_ACTION ITEM_
Only the lines in the entries below from the line with "This is where" to the line with "12月13日,距离收盘仅剩1", both included, belong in the answer, transcribed exactly and without pictures.

Saved data entries:
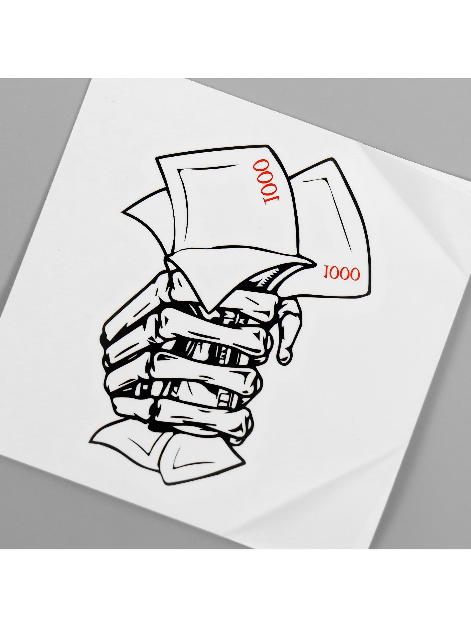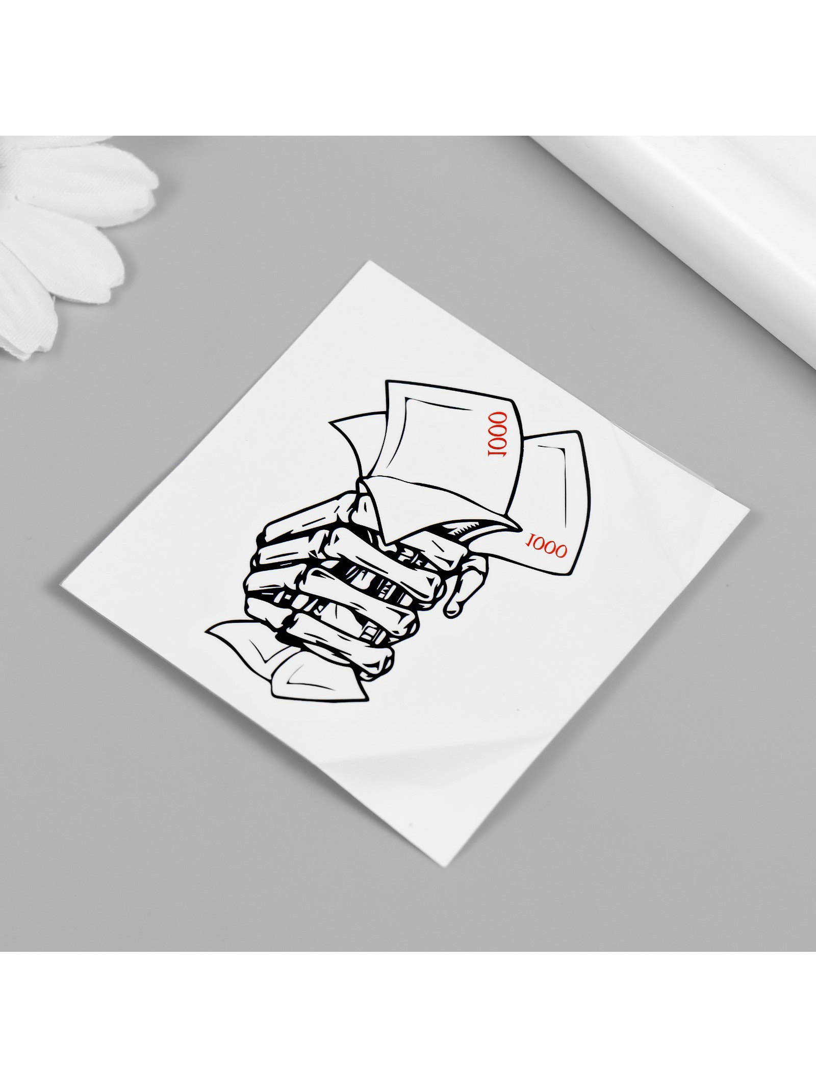 Переводная тату на тело чёрно-красная "Деньги в руке скелета", 6x6 см, 6x6 см., Арт Узор, Китай
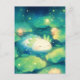 Sleeping White Axolotl in Magical Night Lotus Pond Postkarte
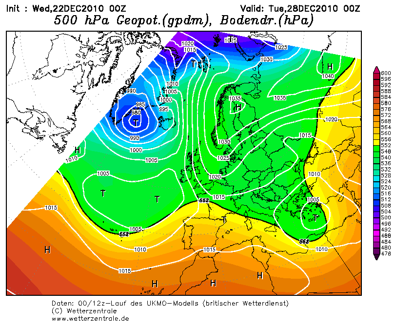 Afgelopen dagen was dit model zeer consistent met hogedruk in het noorden en blijvende koud. Telkens weer kwam UKMO met een koude oplossing terwijl de andere modellen het regelmatig in dat opzicht lieten afweten.
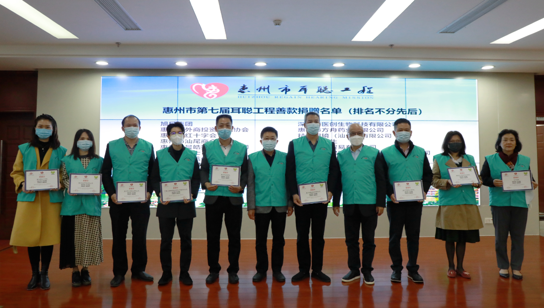 2021年12月18日上午,由惠州市第三人民医院、惠州市港惠爱心基金会、香港耳听心言基金联合举办的“惠州市第七届耳聪工程大型公益慈善活动”启动仪式在惠州市第三人民医院医东院区举行。惠城区人民政府副区长彭亮,惠州市卫生健康局党组书记、局长邹忠平,惠州市委宣传部市文明办副主任余俊波,我会会长、基金会常务副主席王玉珍,常务副会长、基金会委员杨伟定,名誉会长、基金会主席洪光汜,名誉会长、基金会常务副主席林长泉等领导及会员企业代表出席了活动。
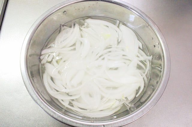 新玉ねぎを広げて空気に晒し、時間をかけて辛味を抜く方法もありますが、時短で作れるよう、水に晒して辛味を抜きます。
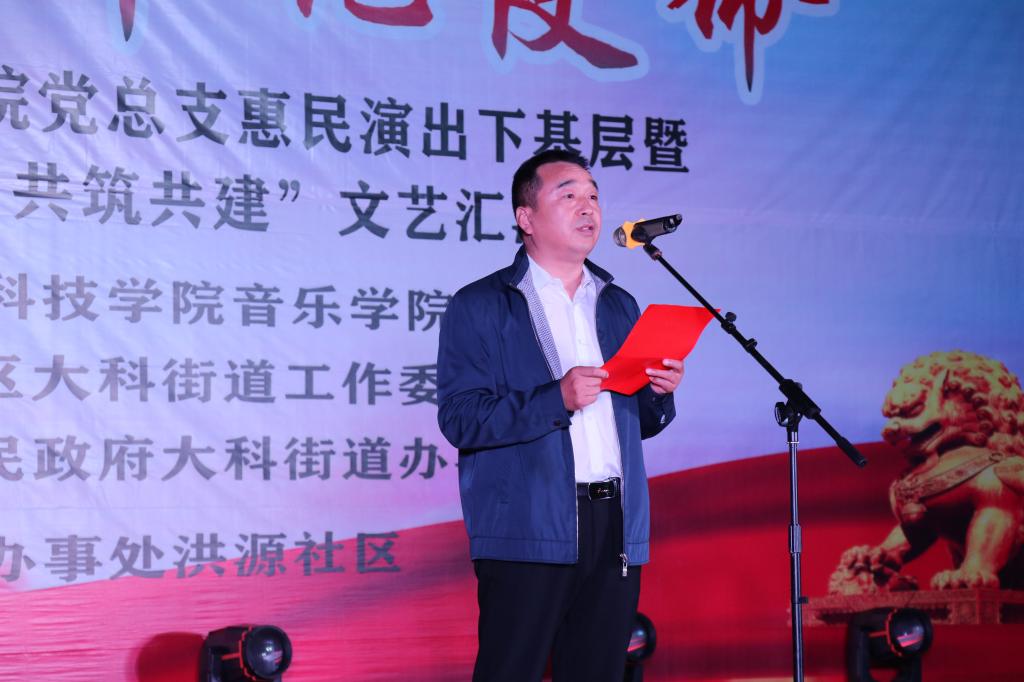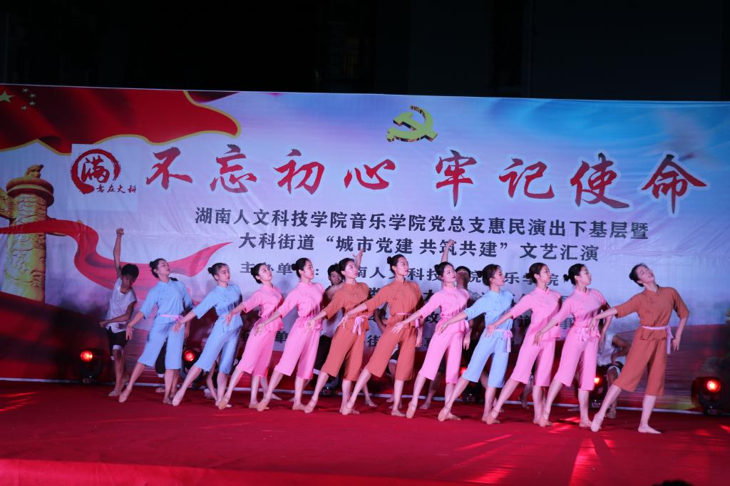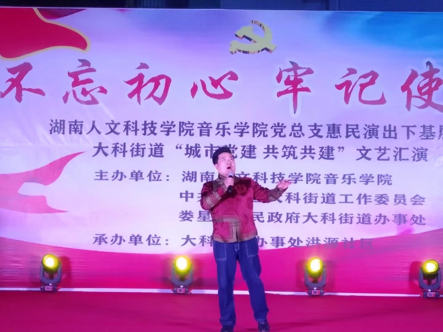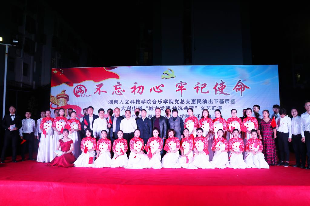 10月29日晚七点半,由中共KY开元集团官网入口音乐舞蹈学院党总支部举办的“不忘初心、牢记使命”文艺汇演在娄底市娄星区大科街道办事处洪源社区举行。KY开元集团官网入口组织部常务副部长罗求实、机关党委书记刘纲华、宣传统战部部长陈璐、音乐舞蹈学院党总支书记周邦春、副书记邓莉立、副院长吴扎拉·涛、副院长刘利连及洪源社区领导代表出席本次活动。音乐舞蹈学院全体师生党员及部分学生群众共同为洪源社区的父老乡亲们奉上了一台精彩的红色演出。
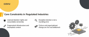 This is where the agent hype breaks on reality. In regulated industries, the core constraints are not purely technical, and many will not disappear on the model’s timeline.
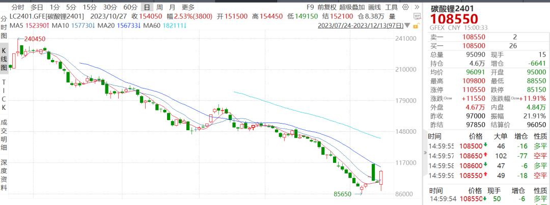 12月13日,距离收盘仅剩10分钟左右的时间,碳酸锂期货全线尾盘大幅拉升,02合约至11合约全部收于涨停,主力合约07以上涨9.98%,报收103550元/吨。
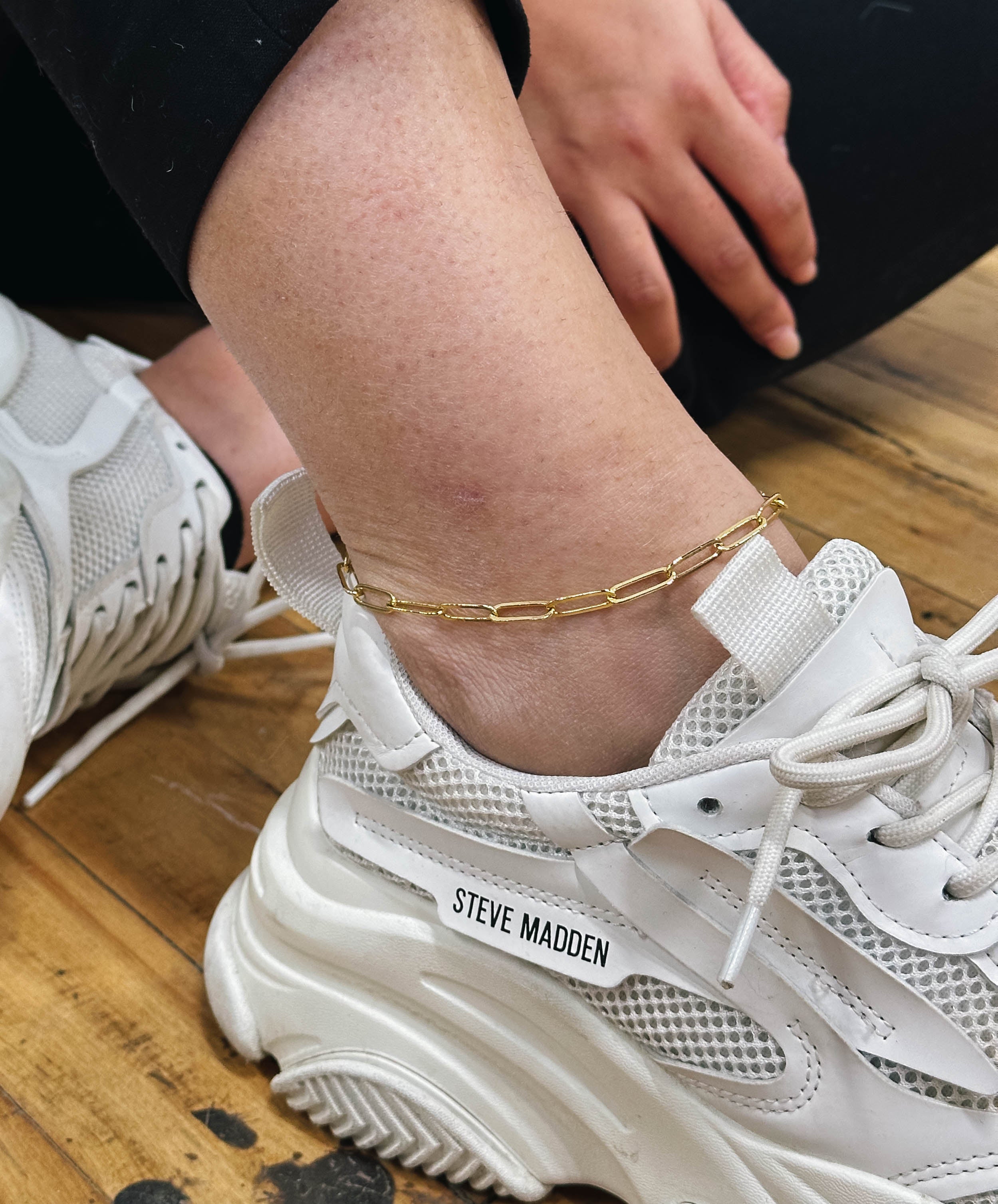chunky shower safe paperclip anklet. durable and perfect for every day wear. match it with our phoebe necklace and bracelet.

_PROBLEM SOLUTION_
 This is where the agent hype breaks on reality. In regulated industries, the core constraints are not purely technical, and many will not disappear on the model’s timeline.
 12月13日,距离收盘仅剩10分钟左右的时间,碳酸锂期货全线尾盘大幅拉升,02合约至11合约全部收于涨停,主力合约07以上涨9.98%,报收103550元/吨。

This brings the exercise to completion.